### Your objective
Look through the entries below and show every line containing the word "with".

### Extracted information
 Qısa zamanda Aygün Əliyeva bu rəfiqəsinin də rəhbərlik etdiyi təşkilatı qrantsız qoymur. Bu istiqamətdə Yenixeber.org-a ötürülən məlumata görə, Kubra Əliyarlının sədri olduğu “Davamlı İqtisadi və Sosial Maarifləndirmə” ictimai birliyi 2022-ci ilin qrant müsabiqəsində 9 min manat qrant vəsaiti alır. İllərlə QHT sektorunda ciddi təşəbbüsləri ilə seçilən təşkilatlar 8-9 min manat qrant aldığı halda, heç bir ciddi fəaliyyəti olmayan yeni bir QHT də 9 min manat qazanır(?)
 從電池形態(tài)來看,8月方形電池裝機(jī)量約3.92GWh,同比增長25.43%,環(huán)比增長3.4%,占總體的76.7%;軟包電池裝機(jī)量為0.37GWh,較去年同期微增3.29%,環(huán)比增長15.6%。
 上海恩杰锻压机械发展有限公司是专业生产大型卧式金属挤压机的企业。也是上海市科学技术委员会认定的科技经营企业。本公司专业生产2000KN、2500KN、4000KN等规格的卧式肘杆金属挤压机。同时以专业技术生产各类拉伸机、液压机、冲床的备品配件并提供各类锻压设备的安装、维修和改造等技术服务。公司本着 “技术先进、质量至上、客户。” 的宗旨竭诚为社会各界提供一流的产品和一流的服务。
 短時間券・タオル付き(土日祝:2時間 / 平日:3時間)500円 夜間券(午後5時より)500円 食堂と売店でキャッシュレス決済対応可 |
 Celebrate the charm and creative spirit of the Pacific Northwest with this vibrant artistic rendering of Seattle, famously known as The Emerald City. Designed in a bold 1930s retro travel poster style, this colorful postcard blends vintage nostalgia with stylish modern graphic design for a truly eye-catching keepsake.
---
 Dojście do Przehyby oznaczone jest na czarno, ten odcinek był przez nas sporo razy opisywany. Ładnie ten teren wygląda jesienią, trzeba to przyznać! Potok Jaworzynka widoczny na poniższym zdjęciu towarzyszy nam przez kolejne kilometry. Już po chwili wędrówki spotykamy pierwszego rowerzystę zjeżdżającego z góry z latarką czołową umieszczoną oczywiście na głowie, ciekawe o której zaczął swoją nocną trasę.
==
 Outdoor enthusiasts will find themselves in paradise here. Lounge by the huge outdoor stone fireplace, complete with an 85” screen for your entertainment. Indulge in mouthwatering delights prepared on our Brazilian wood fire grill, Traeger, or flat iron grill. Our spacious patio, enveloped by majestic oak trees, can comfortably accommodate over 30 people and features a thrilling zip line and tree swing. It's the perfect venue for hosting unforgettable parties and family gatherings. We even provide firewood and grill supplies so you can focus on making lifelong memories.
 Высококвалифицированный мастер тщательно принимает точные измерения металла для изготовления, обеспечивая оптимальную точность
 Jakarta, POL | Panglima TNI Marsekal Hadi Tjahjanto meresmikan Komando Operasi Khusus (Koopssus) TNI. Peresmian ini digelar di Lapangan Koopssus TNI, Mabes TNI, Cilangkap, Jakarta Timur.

### Answer section
 Celebrate the charm and creative spirit of the Pacific Northwest with this vibrant artistic rendering of Seattle, famously known as The Emerald City. Designed in a bold 1930s retro travel poster style, this colorful postcard blends vintage nostalgia with stylish modern graphic design for a truly eye-catching keepsake.
 Outdoor enthusiasts will find themselves in paradise here. Lounge by the huge outdoor stone fireplace, complete with an 85” screen for your entertainment. Indulge in mouthwatering delights prepared on our Brazilian wood fire grill, Traeger, or flat iron grill. Our spacious patio, enveloped by majestic oak trees, can comfortably accommodate over 30 people and features a thrilling zip line and tree swing. It's the perfect venue for hosting unforgettable parties and family gatherings. We even provide firewood and grill supplies so you can focus on making lifelong memories.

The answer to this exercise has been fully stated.